With the Kickstarter reaching it’s early stretch goals, the book has grown to be around 400 pages. The book will be a full-color hardcover. Here’s my rough vision for what the Numenera corebook will be like:
1. There will be about 100 pages of rules material, perhaps less. And the vast majority of that will be character options, rather than rules. The “how to play this game” part of the rules will likely fit into a dozen pages or so, at least as I have envisioned it now. (Playtesting usually makes such sections grow, so we’ll see.)
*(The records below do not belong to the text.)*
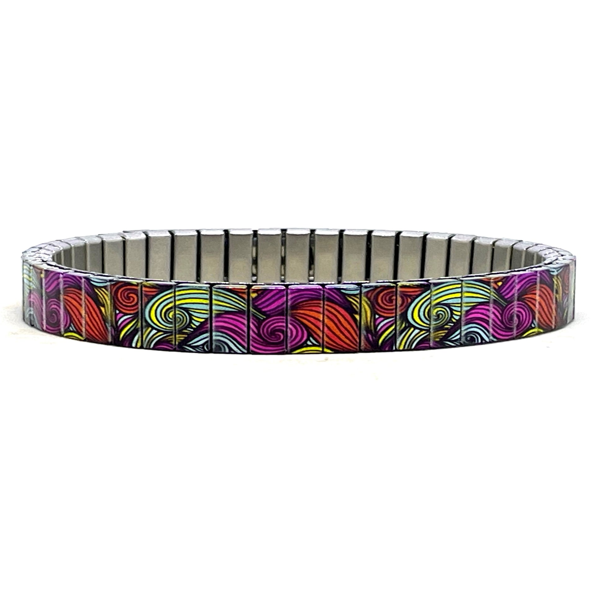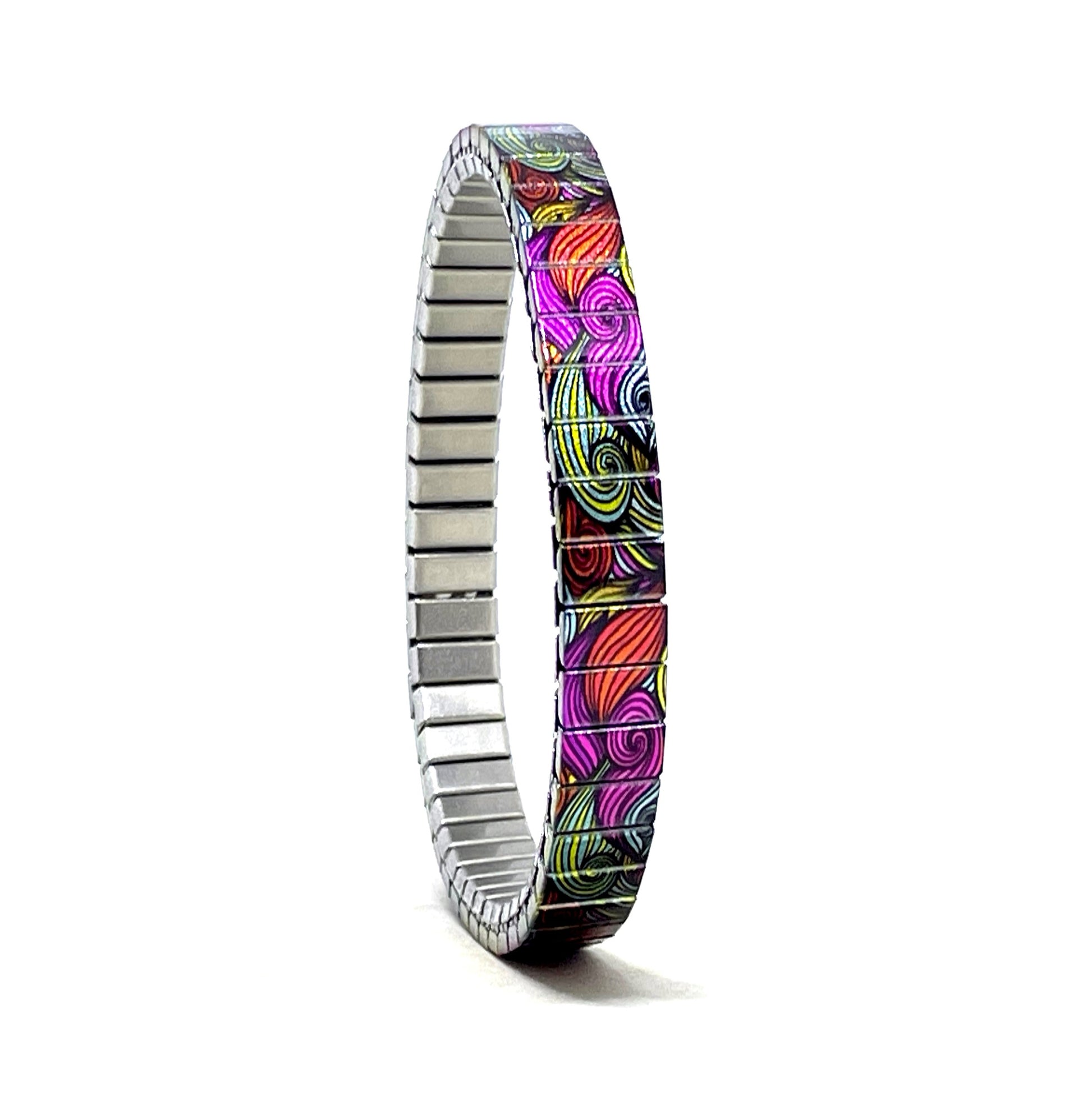 Rekbare armband van 6 mm stainlesssteel. Deze mooie waves lines laat een golvenzee zien van staalkleurige, zwarte en fuchsia kleuren. De metallic afwerking geeft de band extra glans.
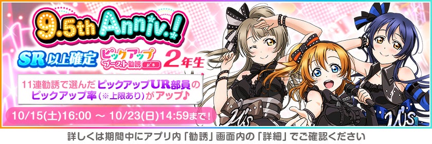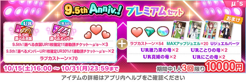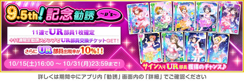 スクフェス9.5周年を記念して、10/15 16:00以降にログインしていただいた全ての皆さまに控え室の部員枠100人分をプレゼントいたします!
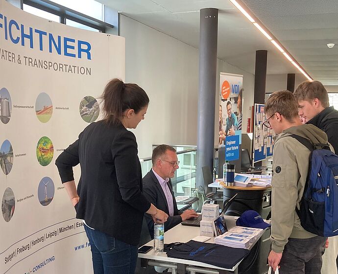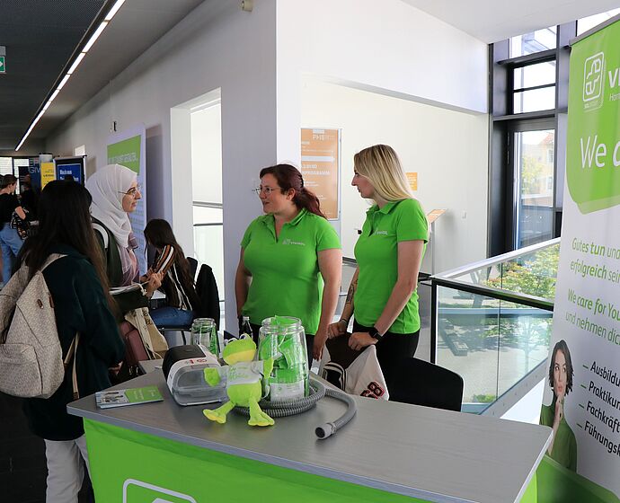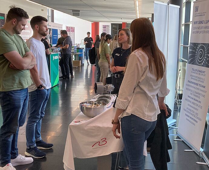 Am 12.06.2024 war der Campus Altonaer Straße der zentrale Treffpunkt von Unternehmen und Institutionen mehrheitlich aus Thüringen und darüber hinaus. Denn auf der 3. Zentralen Karrieremesse der FH Erfurt präsentierten sich über 50 Ausstellende den Studierenden und umwarben ihre potentiell zukünftigen Fach- und Führungskräfte. Sie berieten ausführlich und unterbreiteten Angebote für den Berufseinstieg, für Praktika, Werkstudierendenarbeit sowie Bachelor- und Masterarbeiten.
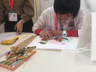 Hanno pubblicato i primi due libri, Small Bottle di Nanako Matusa e The ball and I, and clouds di Yasumi Kato, e si propongono di uscire con 4 titoli all’anno. Rie Kanemori ci ha spiegato che nella loro filosofia, i librai non solo vendono libri, ma possono usare le loro abilità per far conoscere, promuovere, trasmettere e poi vendere quello che amano. All’incontro era presente anche l’illustratrice Yasumi Kato che ha mostrato la sua tecnica: con matite, pastelli a olio, molti strati e un taglierino, realizza immagini di cibi con una straordinaria capacità di rendere materiche e realistiche le figure.

2. Another 100 page or so might be devoted to GM advice, and a how-to approach to running a Numenera game, including lots and lots and lots of interesting of numenera treasures and dangers to find. I really think that the game will benefit from lots of GM advice. There’s a lot to discuss regarding the technology and the wide-open nature of the setting, as well as the general “imagination gone wild” tone.
3. The rest of the book, about 200 pages (thus, about half the book now), will detail the setting. And an ample amount of that will be adventure material. Setting material would include a bestiary of foes: various creatures and a bunch of ready-made NPCs.
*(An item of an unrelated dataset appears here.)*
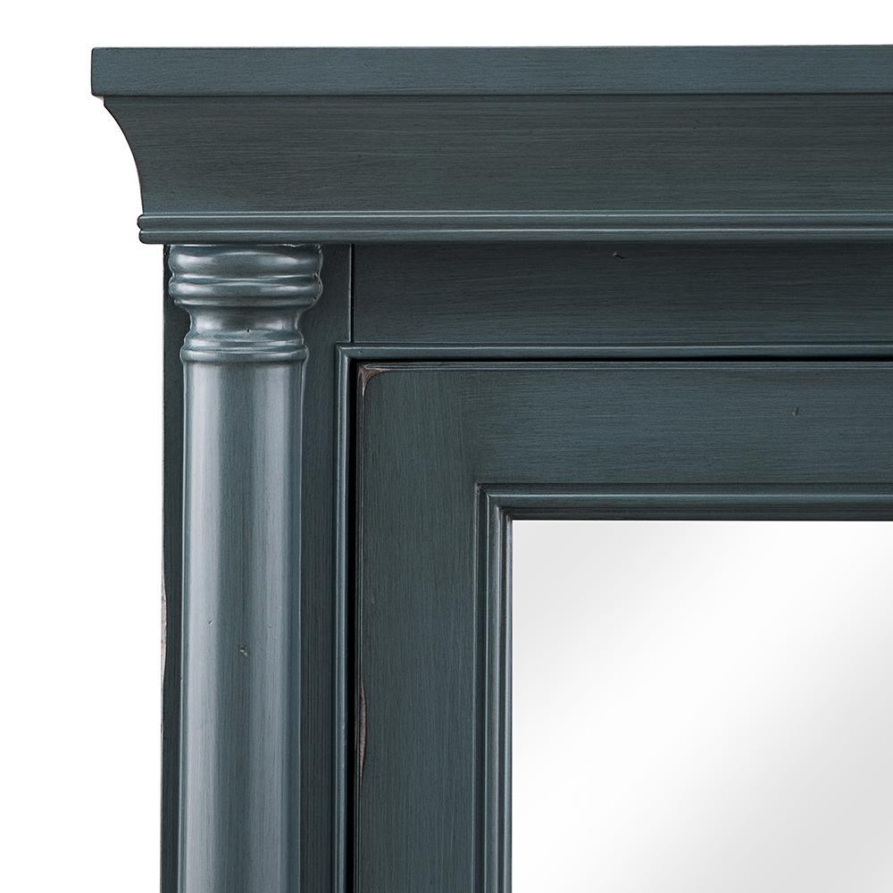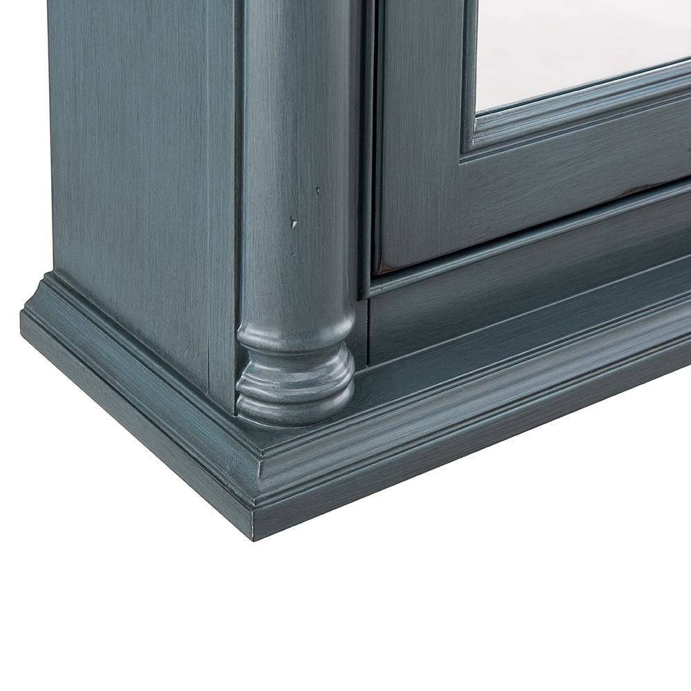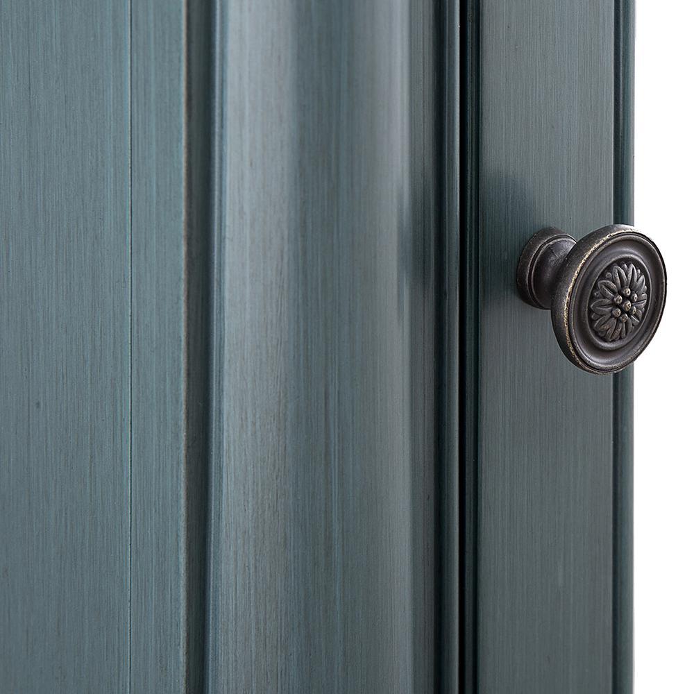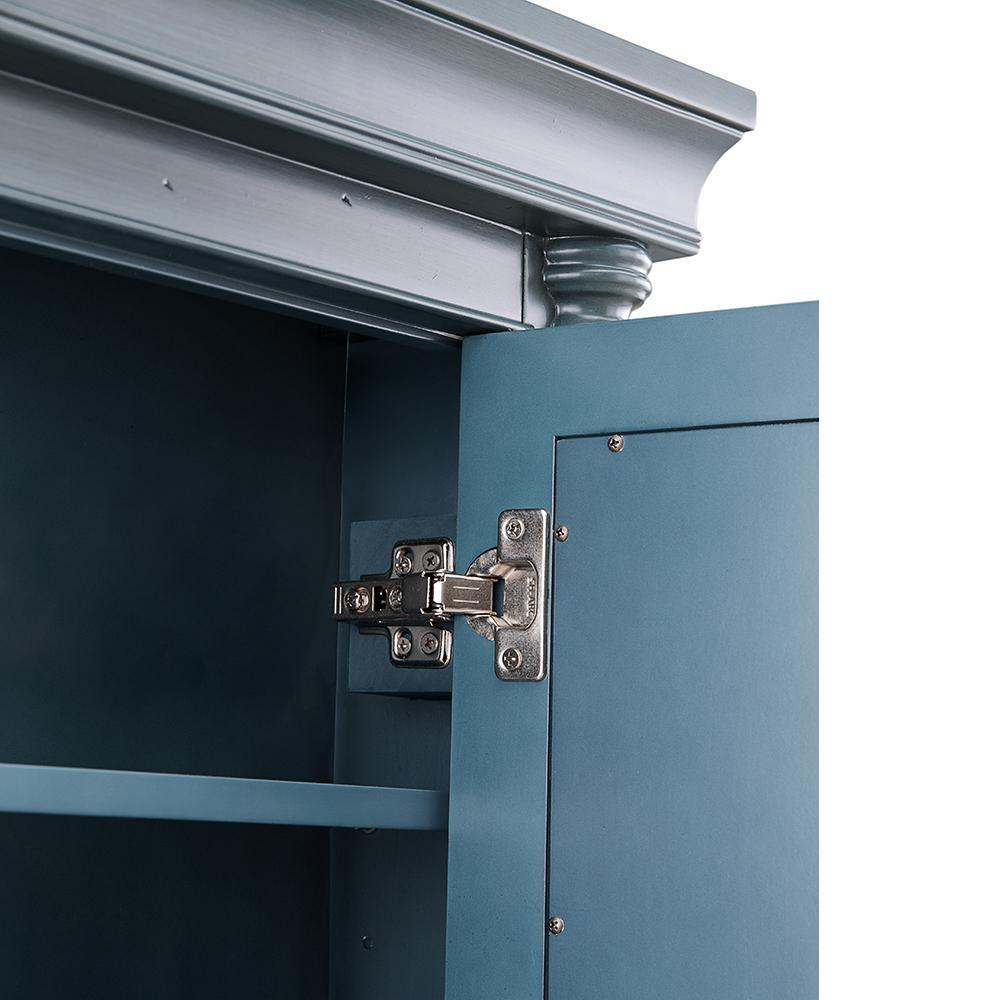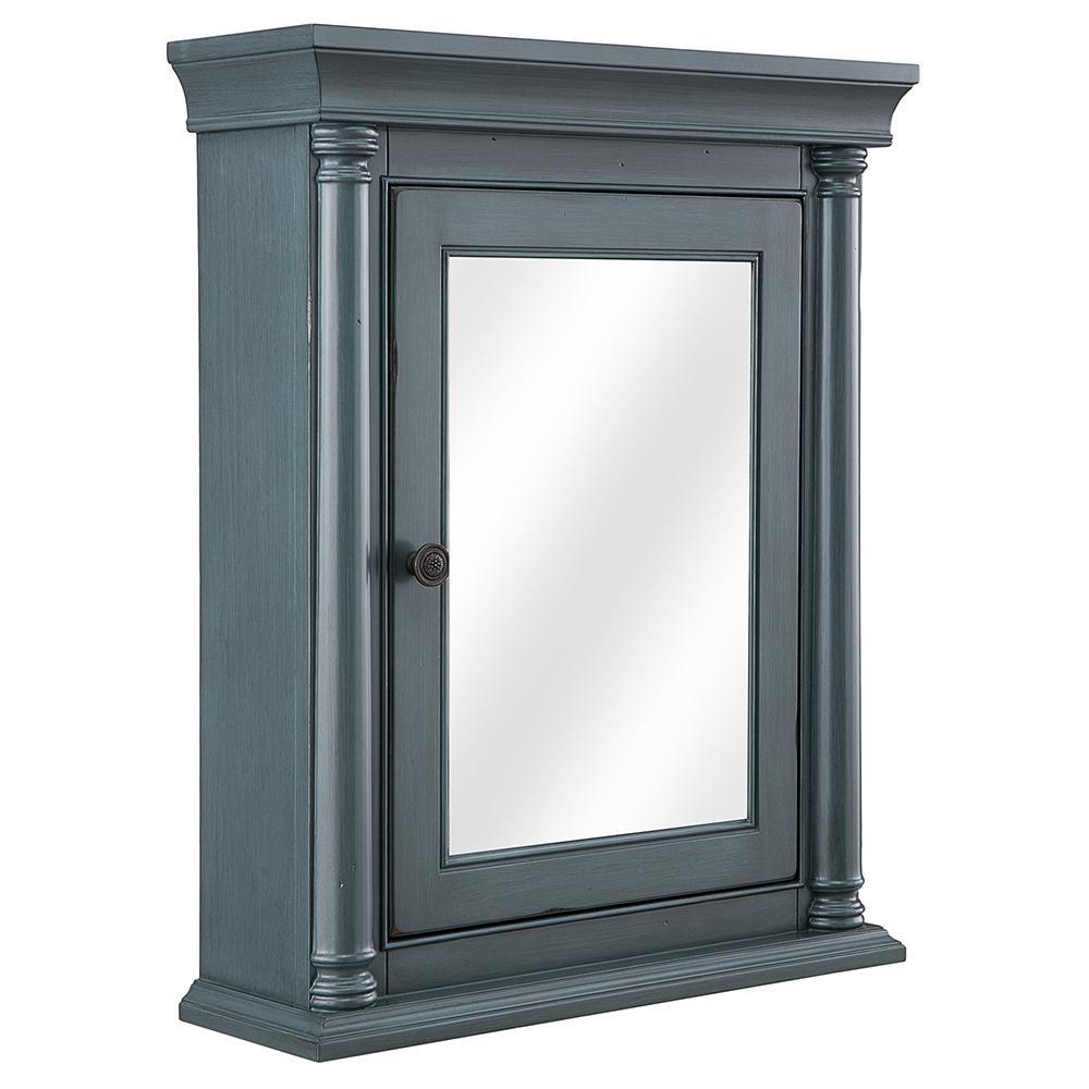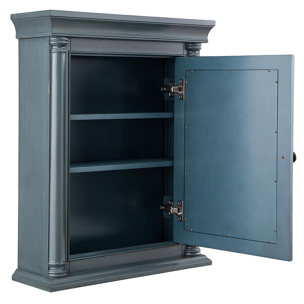 With an intriguing Distressed Blue Fog finish, the Strausse medicine cabinet makes an upscale, elegant impression and a perfect complement to the Strausse vanity. Featuring 2 interior adjustable shelves, you’ll keep bath necessities neatly tucked away behind a mirrored slow-closing door. The Dark Pewter round knob gives sharp contrast, while stately columns round out this furniture-style piece. Create a complete bathroom that leaves visitors envious with this cabinet and all its coordinating pieces in the Strausse collection.

I plan on presenting adventure material for this book much like I did in Ptolus. Which is to say, at many different levels of detail. There will be many, many straightforward adventure hooks, suggestions, and rough outlines, for GMs who just want an idea or two to run with. That’s the first kind of presentation. The second, I would describe as a sort of intermediary approach: perhaps a map with brief descriptions, some ideas, and some NPCs or creatures to use. The last approach would be full-blown, fully-detailed adventures. This means that no matter what kind of GM you are, there will be adventure material for you. I’m a firm believer that nothing gets across how a game can be run than adventure material, and presenting it in many ways gives a lot of options.
Overall, the setting will have a “sandbox” approach, with a lot of information that can be used by GMs in a lot of ways. I’m more interested in really showing how to run a game in the Ninth World than I am in detailing what’s under every rock, but with this expansion in size there’s room for plenty of detail too.
This is all subject to minor changes, but you get the general idea of where I’m going with it.